Es cierto: no es fácil imaginar la angustia de no saber dónde está el desplumador de ornitorrincos o los seis huevos que mi abuela Sagrario rompió para hacer una tortilla el jueves 6 de abril de 1972 o aquel forro que busqué farmacia tras farmacia durante horas aquella noche porque era la condición sine qua non para lo más deseado. Digo: lo que importa de lo que no existe o desapareció es que no existe, no que ya no se pueda saber dónde está. Y, sin embargo, sigo de acuerdo con mi frase chorreada: lo mejor de que existiera una verdad era que estaba muy claro dónde estaba.
Lo pensaba porque trataba de pensar en el pobrismo. Y pensaba en el pobrismo porque, en medio de las gotitas, seguía dándoles vueltas a las fucking elecciones nacionales, ya tan lejanas. Hay vidas muy injustas.
-¿El pobrismo, dijo?
-Sí, el pobrismo. No me va a decir que no lo escuchó nombrar.
-Sí, por supuesto, claro. Usté por quién me toma.
Durante siglo y medio, hasta hace poco, hubo una verdad tallada en mármol: la ciencia del materialismo histórico aseguraba, con perfecta confianza, que la marcha ineluctable de la historia hacía que la lucha de clases estuviese llevando al mundo hacia el triunfo del socialismo y la desaparición de esas clases que luchaban. Y esa verdad tenía corolarios: uno de los más importantes era que había una clase que portaba sobre sí esa responsabilidad histórica y terminaría por concretar su destino revolucionario; esa clase era la de los desposeídos o pobres o, técnicamente, proletarios: quienes, por no tener más que su prole, se veían reducidos a vender su fuerza de trabajo. Los pobres eran, entonces, los depositarios de toda la esperanza revolucionaria: la revolución era una verdad indudable y los pobres estaban destinados a cumplirla.
Por eso el pobrismo. Llamemos pobrismo a esa forma de pensar la sociedad y el mundo en que ser de izquierda consistía, supuestamente, en aceptar esta idea y, por lo tanto, reverenciar a los pobres más que a nada en el mundo. Los izquierdistas que no eran pobres lo devenían –la famosa proletarización- y los que no se atrevían a tanto mantenían, al menos, ese respeto inquebrantable. Había que acercarse a los pobres, entenderlos, seducirlos, aprender de ellos y, aunque no siempre se dijera, explicarles cuál era su papel: hacer el trabajo de Juan Bautista explicándoles a Jesús que era el Elegido. A cambio, los pobres harían algún día, finalmente, lo que debían: la revolución. Esa era la idea general y era tan linda, pero pasó el tiempo y la historia no fue en la dirección que debía y, aquí, los pobres se fueron haciendo cada vez más pobres: tan pobres que dejaron de ser proletarios en el sentido clásico. Desaparecieron industrias, servicios; los pobres ya no vendían su fuerza de trabajo a un precio vil porque nadie quería comprársela ni siquiera a ese precio. Llegaron, al final, las épocas del piquete de desocupados, la asistencia, el clientelismo, todo eso que ya sabemos de memoria.

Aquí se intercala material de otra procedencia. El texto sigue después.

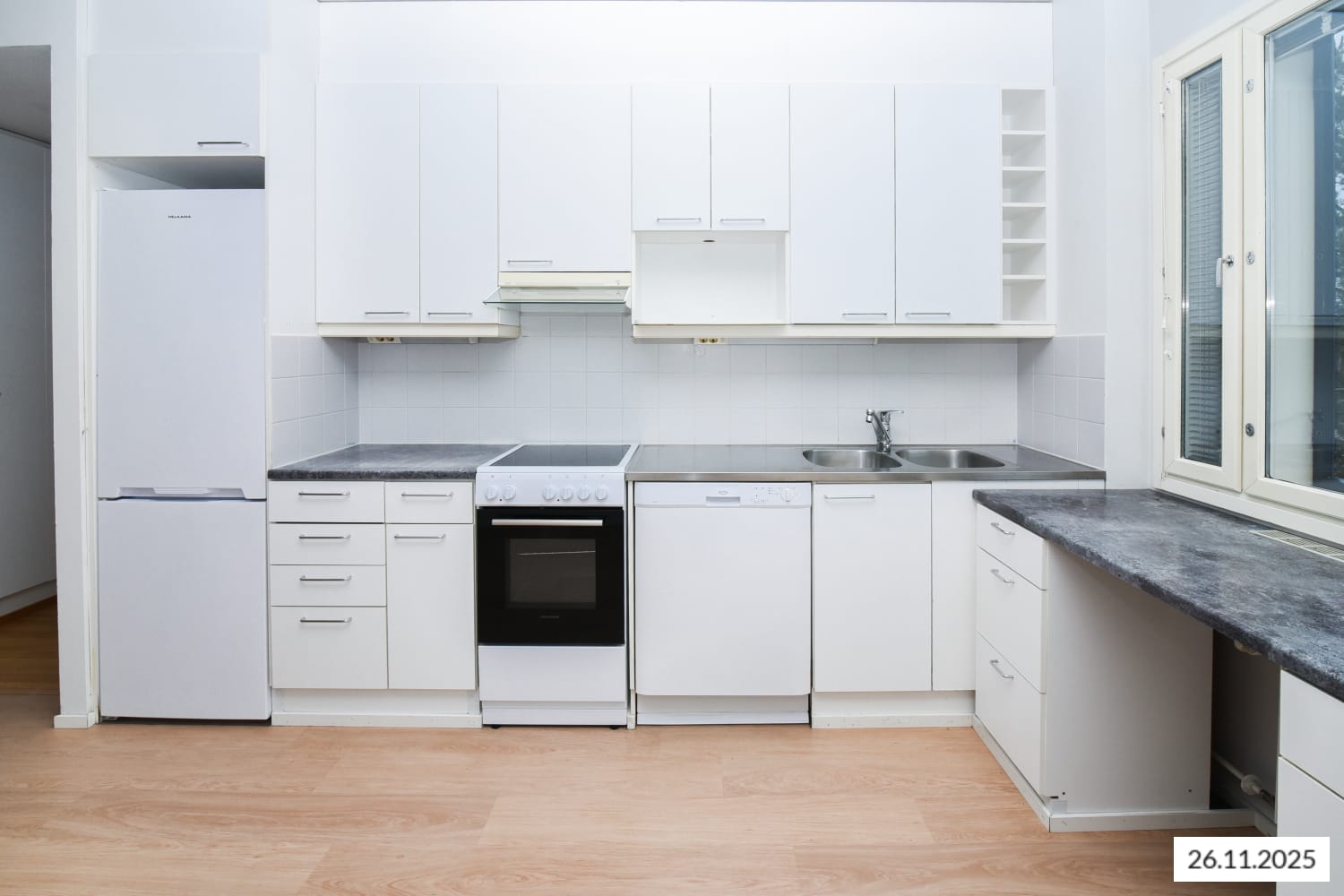 Keittiössä on jää-pakastinkaappi ja tilavaraus toiselle kylmälaitteelle, mikroaaltouunille sekä astianpesukoneellesi.

Y ahora, en estas elecciones –sí, hace tres semanas hubo unas elecciones nacionales-, las urnas marcaron una separación de clases tan tajante como pocas veces. Todos los análisis suponen que Cristina Fernández, que debería ser peronista, ganó con el voto de los pobres. En la lógica porrista esa constatación habría alcanzado para legitimar de algún modo ese triunfo. Pero no es el caso: los que siempre fueron pobristras –la izquierda, los progres, esas nociones confusas- ya no creen en los pobres. Ya no sólo que la gran verdad del pensamiento revolucionario se haya hundido; es que, además, ya nadie cree que esté donde siempre creímos que estaba. Es un cambio mucho mayor que el resultado de unas elecciones.

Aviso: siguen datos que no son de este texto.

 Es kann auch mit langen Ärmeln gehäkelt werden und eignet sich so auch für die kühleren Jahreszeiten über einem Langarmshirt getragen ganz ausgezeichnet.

Ahora, para los ex porristas, los pobres son esos fulanos condenados, excluidos, desarmados, mal educados, llevados de las narices por políticos inescrupulosos, malos votantes que no saben siquiera reconocer sus intereses: desgraciados completos. Pobres pobres, sin siquiera la riqueza de una misión histórica –ni ninguna otra cosa que los justifique y enaltezca. Y pobres porristas, sin saber dónde mirar, de dónde esperar qué. Después de un siglo largo, los que creemos en el cambio social radical no sabemos cómo hacer para creer que son los pobres los que deberían producirlo –porque la realidad nos desmiente todo el tiempo-; nos hemos quedado huérfanos de los pobres, sin nadie que lleve la antorcha a vaya a saber dónde y no sabemos de dónde podría venir ese cambio, dónde se lo encuentra, para dónde mirar, dónde esperarlo, con quienes tratar de acelerarlo y entonces tenemos el rencor del engañado, esos pobres polotudos que votan como borregos mal llevados y ni siquiera se dan cuenta, pensaban esta mañana, en la ducha, y después pensaba de nuevo en esa idea de que la ducha cada mañana me saca esa costra, me renueva, y me dio una congoja: la ducha es el gatopardismo hecho gotitas, la sensación de que estoy cambiando algo aunque no cambio ná de ná. Entonces fue cuando pensé que este es un gobierno que practica la ducha de clases: hace como si fuera a cambiar algo pero no cambia nada –pero los pobres lo votan como si vieran algo que yo no logro ver, me decía, un resto de pobrismo en la solapa, y me lo sacudía. Un auténtico gobierno-ducha, pensaba, y que ya sé que lo que digo pede parecer confuso pero qué quieren que le haga: está todo mojado y hace frío y los pobres viven de los planes y ya nadie sabe nada –y yo menos que nadie.